What the exercise asks: Give the listing below again exactly, but without any of its pictures.

Source material:
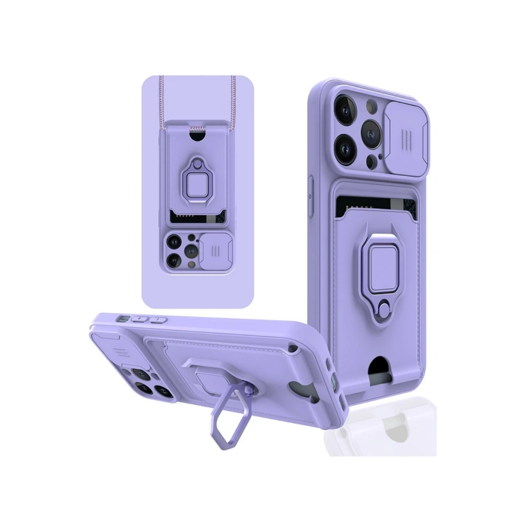 İphone 13 Pro Max Kılıf Zuma Kartvizitli Yüzüklü Silikon - Lila
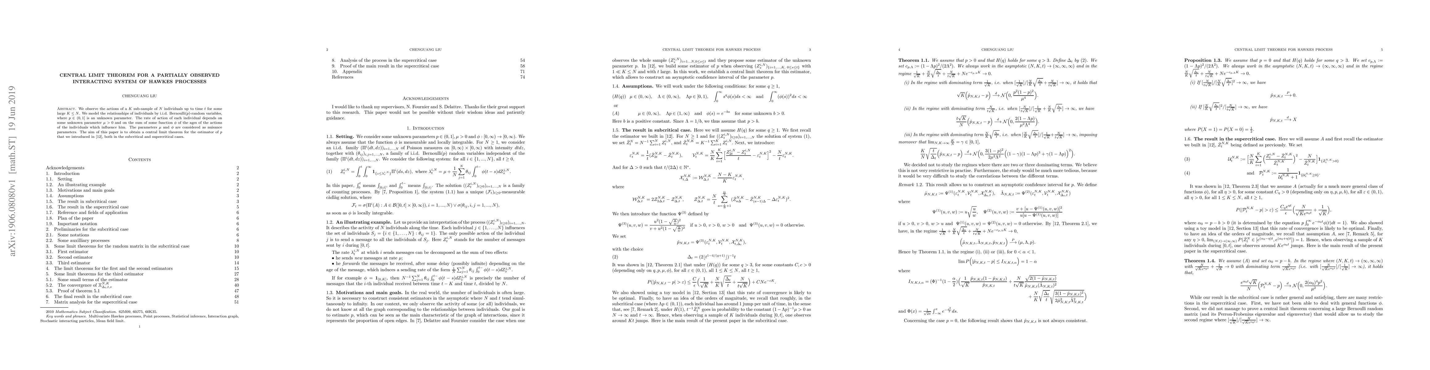 We observe the actions of a $K$ sub-sample of $N$ individuals up to time $t$ for some large $K\le N$. We model the relationships of individuals by i.i.d. Bernoulli($p$)-random variables, where $p\in (0,1]$ is an unknown parameter. The rate of action of each individual depends on some unknown parameter $\mu> 0$ and on the sum of some function $\phi$ of the ages of the actions of the individuals which influence him. The parameters $\mu$ and $\phi$ are considered as nuisance parameters. The aim of this paper is to obtain a central limit theorem for the estimator of $p$ that we introduced in \cite{D}, both in the subcritical and supercritical cases.
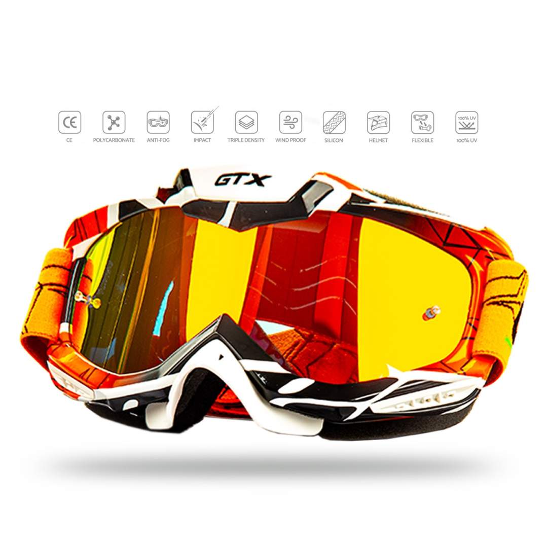 Кроссовые очки с защитой носа – обязательные атрибуты экипировки для мотокросса и эндуро. Эластичный корпус кроссовых очков GTX подходит почти на все виды шлемов. А трехслойная флисовая оправа обеспечивает отличное отведение лишней влаги от глаз и препятствует запотеванию. Ремень мотоциклетных очков обладает прорезиненными демпферами, которые позволяют избежать ее соскальзывания. По всему периметру расположено 18 вентиляционных отверстий, которые закрыты поролоном. Цветная линза изготовлена из поликарбоната, защищающая глаза от УФ лучей. Так же мотоочки имеют выносные подвижные аутригеры. Благодаря им данная модель будет отлично садиться в шлем и более плотно прилегать к лицу. Так же кроссовые мото очки подойдут для страйкбола и пейнтбола, катания на снегоходе, сноуборде, лыжах, квадроцикле и пит байке. Мотоочки подходят, как для детей, так и взрослых, так как регулируются и надежно фиксируются по размеру. Очки мужские эндуро обеспечат Вам дополнительную защиту от ветра, пыли, грязи, снега и других неблагоприятных факторов окружающей среды. Защитные очки будут приятным подарком для любителей экстремального спорта.
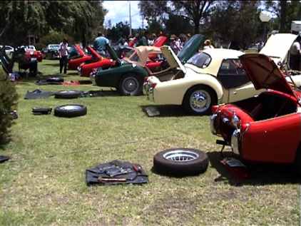 A close-up of the cars arranged as "TR" taken on the motorkana venue - the webmanager is ashamed to say:

Completed exercise:
 İphone 13 Pro Max Kılıf Zuma Kartvizitli Yüzüklü Silikon - Lila
 We observe the actions of a $K$ sub-sample of $N$ individuals up to time $t$ for some large $K\le N$. We model the relationships of individuals by i.i.d. Bernoulli($p$)-random variables, where $p\in (0,1]$ is an unknown parameter. The rate of action of each individual depends on some unknown parameter $\mu> 0$ and on the sum of some function $\phi$ of the ages of the actions of the individuals which influence him. The parameters $\mu$ and $\phi$ are considered as nuisance parameters. The aim of this paper is to obtain a central limit theorem for the estimator of $p$ that we introduced in \cite{D}, both in the subcritical and supercritical cases.
 Кроссовые очки с защитой носа – обязательные атрибуты экипировки для мотокросса и эндуро. Эластичный корпус кроссовых очков GTX подходит почти на все виды шлемов. А трехслойная флисовая оправа обеспечивает отличное отведение лишней влаги от глаз и препятствует запотеванию. Ремень мотоциклетных очков обладает прорезиненными демпферами, которые позволяют избежать ее соскальзывания. По всему периметру расположено 18 вентиляционных отверстий, которые закрыты поролоном. Цветная линза изготовлена из поликарбоната, защищающая глаза от УФ лучей. Так же мотоочки имеют выносные подвижные аутригеры. Благодаря им данная модель будет отлично садиться в шлем и более плотно прилегать к лицу. Так же кроссовые мото очки подойдут для страйкбола и пейнтбола, катания на снегоходе, сноуборде, лыжах, квадроцикле и пит байке. Мотоочки подходят, как для детей, так и взрослых, так как регулируются и надежно фиксируются по размеру. Очки мужские эндуро обеспечат Вам дополнительную защиту от ветра, пыли, грязи, снега и других неблагоприятных факторов окружающей среды. Защитные очки будут приятным подарком для любителей экстремального спорта.
 A close-up of the cars arranged as "TR" taken on the motorkana venue - the webmanager is ashamed to say:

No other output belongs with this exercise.